Records for the task |

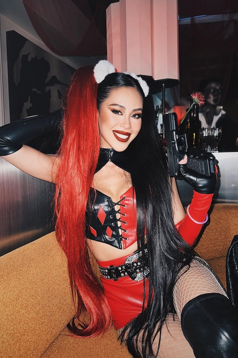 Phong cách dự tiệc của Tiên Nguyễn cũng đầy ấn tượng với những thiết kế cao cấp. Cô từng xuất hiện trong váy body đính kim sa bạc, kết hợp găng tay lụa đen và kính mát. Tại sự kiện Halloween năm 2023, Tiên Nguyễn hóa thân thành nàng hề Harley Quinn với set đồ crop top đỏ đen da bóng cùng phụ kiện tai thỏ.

...

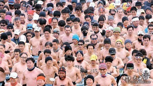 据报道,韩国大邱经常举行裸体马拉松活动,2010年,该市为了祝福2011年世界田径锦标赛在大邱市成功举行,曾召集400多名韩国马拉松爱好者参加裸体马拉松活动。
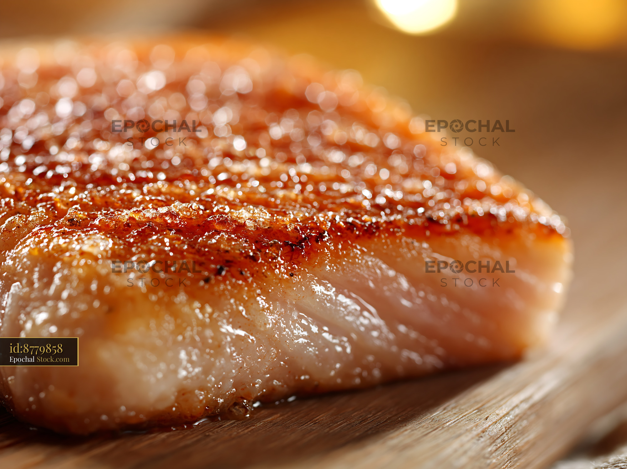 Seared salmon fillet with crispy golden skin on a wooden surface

...

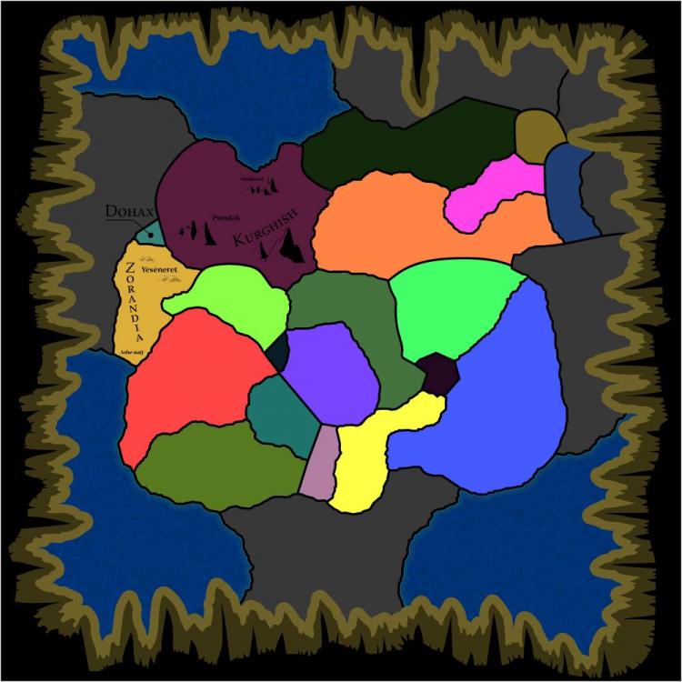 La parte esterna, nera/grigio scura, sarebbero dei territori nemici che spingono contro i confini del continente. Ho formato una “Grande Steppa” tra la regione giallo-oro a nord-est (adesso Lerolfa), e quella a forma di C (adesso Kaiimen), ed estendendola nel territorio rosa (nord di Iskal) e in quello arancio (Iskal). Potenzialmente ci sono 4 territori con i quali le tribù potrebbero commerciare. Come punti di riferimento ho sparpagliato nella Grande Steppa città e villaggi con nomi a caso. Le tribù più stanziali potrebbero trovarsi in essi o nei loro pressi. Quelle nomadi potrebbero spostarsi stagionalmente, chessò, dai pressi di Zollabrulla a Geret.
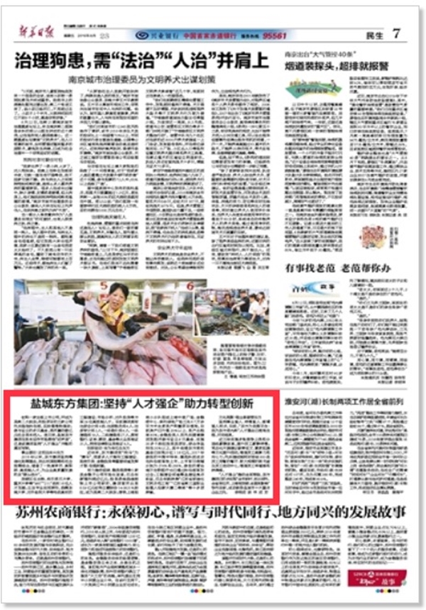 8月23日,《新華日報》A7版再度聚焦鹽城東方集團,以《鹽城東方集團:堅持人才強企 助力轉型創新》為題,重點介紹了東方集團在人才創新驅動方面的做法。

Your task | Lines from the one above containing "据报道,韩国大邱经常举行裸体" down to the one containing "Seared salmon fillet" should be transcribed exactly, with both ends kept and no pictures.

Solution to the problem |
 据报道,韩国大邱经常举行裸体马拉松活动,2010年,该市为了祝福2011年世界田径锦标赛在大邱市成功举行,曾召集400多名韩国马拉松爱好者参加裸体马拉松活动。
 Seared salmon fillet with crispy golden skin on a wooden surface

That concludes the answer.